PROBLEM DESCRIPTION: Would you reproduce, word for word, only the lines running from the top of the data through the line containing "下圖總結(jié)了400G OpenZR+的典型線路系統(tǒng)布局。", and none of the pictures?

━━━━━ DATA SHOWN

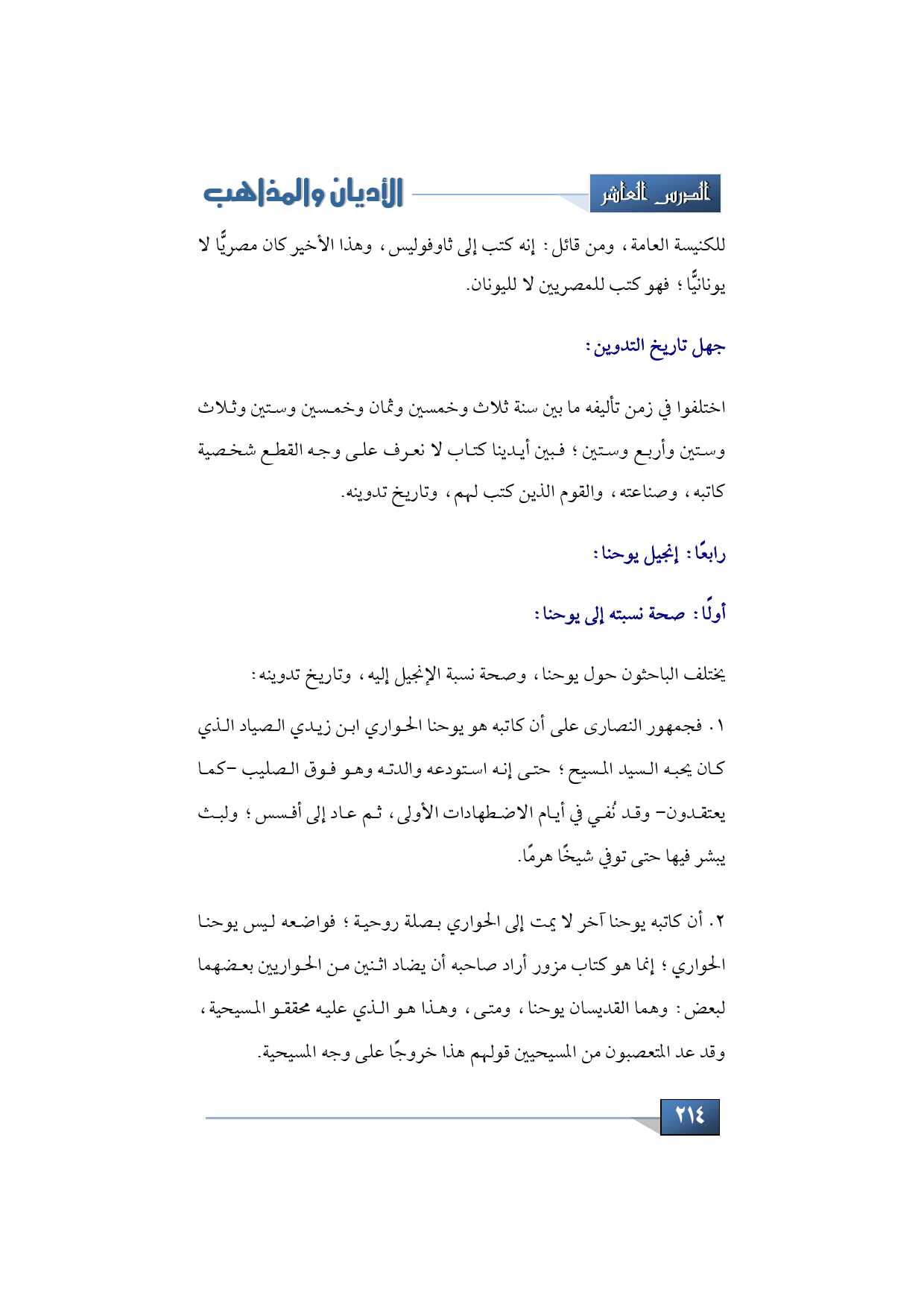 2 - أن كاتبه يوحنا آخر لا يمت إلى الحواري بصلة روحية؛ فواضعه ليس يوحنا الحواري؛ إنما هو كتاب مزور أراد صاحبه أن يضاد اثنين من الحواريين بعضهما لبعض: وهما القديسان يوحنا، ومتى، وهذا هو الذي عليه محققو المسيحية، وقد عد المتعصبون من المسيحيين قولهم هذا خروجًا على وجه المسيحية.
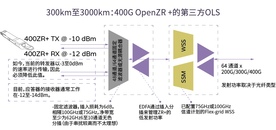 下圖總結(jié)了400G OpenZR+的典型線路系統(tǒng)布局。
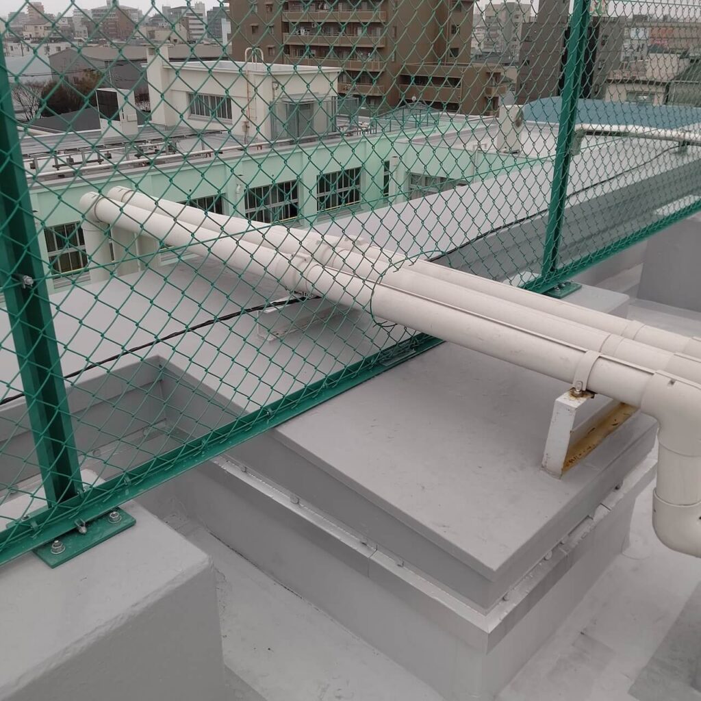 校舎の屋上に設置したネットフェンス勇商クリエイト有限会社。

━━━━━━━━━━

PROBLEM SOLUTION:
 2 - أن كاتبه يوحنا آخر لا يمت إلى الحواري بصلة روحية؛ فواضعه ليس يوحنا الحواري؛ إنما هو كتاب مزور أراد صاحبه أن يضاد اثنين من الحواريين بعضهما لبعض: وهما القديسان يوحنا، ومتى، وهذا هو الذي عليه محققو المسيحية، وقد عد المتعصبون من المسيحيين قولهم هذا خروجًا على وجه المسيحية.
 下圖總結(jié)了400G OpenZR+的典型線路系統(tǒng)布局。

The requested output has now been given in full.